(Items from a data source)
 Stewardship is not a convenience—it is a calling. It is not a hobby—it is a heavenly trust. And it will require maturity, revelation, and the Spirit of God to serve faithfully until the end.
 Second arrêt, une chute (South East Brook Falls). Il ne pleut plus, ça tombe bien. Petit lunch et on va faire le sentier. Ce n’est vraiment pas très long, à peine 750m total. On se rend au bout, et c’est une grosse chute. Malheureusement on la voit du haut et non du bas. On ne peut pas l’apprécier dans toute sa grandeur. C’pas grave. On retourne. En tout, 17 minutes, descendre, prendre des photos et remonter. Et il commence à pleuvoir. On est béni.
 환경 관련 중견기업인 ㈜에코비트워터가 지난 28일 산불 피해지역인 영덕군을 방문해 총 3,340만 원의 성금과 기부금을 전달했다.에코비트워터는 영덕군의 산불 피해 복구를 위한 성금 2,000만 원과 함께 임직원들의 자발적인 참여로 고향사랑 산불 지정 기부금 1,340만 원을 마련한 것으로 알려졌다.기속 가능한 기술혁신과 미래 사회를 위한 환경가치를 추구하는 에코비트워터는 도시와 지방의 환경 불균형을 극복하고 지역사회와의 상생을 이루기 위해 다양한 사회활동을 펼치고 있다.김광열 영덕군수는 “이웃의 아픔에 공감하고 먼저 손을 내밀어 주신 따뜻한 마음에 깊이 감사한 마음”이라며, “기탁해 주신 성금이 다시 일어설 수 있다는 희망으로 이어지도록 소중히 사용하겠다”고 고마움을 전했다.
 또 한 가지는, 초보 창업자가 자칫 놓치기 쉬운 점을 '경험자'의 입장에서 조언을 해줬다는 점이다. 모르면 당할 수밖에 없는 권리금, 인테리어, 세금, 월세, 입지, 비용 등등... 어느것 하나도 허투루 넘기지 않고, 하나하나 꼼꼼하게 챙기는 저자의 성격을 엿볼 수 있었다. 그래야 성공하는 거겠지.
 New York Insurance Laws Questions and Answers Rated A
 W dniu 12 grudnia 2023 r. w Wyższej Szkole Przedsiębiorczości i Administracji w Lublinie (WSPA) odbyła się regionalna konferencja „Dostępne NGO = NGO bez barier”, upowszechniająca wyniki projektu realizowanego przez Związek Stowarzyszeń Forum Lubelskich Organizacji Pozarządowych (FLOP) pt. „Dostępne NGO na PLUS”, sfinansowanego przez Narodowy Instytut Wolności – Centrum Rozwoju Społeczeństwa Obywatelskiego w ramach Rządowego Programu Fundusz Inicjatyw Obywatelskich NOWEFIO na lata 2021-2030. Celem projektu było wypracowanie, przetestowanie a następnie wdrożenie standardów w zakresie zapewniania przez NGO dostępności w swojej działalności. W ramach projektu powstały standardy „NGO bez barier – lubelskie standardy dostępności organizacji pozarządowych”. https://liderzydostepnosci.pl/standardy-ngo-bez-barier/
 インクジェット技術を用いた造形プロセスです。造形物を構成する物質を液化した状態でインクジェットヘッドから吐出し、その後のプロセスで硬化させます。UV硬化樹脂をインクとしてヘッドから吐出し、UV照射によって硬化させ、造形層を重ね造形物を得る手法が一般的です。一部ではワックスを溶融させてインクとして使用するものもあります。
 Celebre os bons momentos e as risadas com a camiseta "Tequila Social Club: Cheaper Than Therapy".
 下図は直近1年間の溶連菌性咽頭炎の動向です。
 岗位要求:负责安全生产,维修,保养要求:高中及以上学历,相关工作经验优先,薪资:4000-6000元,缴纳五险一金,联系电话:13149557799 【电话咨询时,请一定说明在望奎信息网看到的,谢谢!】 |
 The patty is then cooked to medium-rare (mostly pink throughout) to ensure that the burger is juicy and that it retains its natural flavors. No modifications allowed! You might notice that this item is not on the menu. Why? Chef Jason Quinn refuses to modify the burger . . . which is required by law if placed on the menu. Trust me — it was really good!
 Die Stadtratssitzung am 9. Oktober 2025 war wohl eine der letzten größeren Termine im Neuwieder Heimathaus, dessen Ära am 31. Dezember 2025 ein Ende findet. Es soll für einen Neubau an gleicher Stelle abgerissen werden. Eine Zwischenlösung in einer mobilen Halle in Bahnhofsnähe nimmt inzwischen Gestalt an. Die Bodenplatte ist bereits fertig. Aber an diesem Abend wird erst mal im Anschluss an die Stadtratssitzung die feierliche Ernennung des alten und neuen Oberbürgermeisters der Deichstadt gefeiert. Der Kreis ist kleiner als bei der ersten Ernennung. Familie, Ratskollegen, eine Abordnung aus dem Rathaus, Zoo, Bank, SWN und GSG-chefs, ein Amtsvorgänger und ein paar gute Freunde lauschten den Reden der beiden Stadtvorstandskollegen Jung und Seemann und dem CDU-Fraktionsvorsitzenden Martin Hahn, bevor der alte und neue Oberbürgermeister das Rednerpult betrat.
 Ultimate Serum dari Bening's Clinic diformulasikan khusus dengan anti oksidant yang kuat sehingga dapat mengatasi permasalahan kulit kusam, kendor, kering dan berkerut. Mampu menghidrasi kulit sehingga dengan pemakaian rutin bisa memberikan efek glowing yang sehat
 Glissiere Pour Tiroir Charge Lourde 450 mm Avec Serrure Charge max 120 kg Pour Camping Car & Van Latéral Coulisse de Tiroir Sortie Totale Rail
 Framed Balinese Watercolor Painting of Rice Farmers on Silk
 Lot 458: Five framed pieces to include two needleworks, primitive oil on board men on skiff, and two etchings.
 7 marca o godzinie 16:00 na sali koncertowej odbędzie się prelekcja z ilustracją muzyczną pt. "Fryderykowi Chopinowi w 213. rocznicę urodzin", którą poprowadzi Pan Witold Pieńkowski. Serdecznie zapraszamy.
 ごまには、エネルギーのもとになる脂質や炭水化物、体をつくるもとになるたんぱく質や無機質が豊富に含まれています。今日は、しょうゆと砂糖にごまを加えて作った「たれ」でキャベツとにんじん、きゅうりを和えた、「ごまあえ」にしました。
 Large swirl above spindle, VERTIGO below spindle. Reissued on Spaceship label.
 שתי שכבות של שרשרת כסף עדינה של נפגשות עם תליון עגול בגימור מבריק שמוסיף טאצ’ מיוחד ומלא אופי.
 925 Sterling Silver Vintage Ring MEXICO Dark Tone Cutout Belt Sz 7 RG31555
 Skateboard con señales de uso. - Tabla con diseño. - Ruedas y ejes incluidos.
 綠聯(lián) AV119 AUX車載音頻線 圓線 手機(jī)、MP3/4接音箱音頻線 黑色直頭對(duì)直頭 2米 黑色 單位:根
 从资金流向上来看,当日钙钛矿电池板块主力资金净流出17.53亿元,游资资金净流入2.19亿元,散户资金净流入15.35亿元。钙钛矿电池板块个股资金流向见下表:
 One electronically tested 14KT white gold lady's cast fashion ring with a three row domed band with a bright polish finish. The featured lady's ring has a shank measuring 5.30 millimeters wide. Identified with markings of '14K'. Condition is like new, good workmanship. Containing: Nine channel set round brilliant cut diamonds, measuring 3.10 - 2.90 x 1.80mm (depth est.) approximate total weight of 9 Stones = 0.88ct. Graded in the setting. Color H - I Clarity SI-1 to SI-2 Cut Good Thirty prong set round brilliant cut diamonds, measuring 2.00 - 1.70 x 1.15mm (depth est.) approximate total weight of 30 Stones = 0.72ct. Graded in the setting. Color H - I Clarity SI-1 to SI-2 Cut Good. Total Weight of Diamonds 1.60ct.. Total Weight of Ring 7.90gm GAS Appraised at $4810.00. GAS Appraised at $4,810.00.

### What to work on
Copy each line above that contains the word "good".

### Result of the exercise
 The patty is then cooked to medium-rare (mostly pink throughout) to ensure that the burger is juicy and that it retains its natural flavors. No modifications allowed! You might notice that this item is not on the menu. Why? Chef Jason Quinn refuses to modify the burger . . . which is required by law if placed on the menu. Trust me — it was really good!
 One electronically tested 14KT white gold lady's cast fashion ring with a three row domed band with a bright polish finish. The featured lady's ring has a shank measuring 5.30 millimeters wide. Identified with markings of '14K'. Condition is like new, good workmanship. Containing: Nine channel set round brilliant cut diamonds, measuring 3.10 - 2.90 x 1.80mm (depth est.) approximate total weight of 9 Stones = 0.88ct. Graded in the setting. Color H - I Clarity SI-1 to SI-2 Cut Good Thirty prong set round brilliant cut diamonds, measuring 2.00 - 1.70 x 1.15mm (depth est.) approximate total weight of 30 Stones = 0.72ct. Graded in the setting. Color H - I Clarity SI-1 to SI-2 Cut Good. Total Weight of Diamonds 1.60ct.. Total Weight of Ring 7.90gm GAS Appraised at $4810.00. GAS Appraised at $4,810.00.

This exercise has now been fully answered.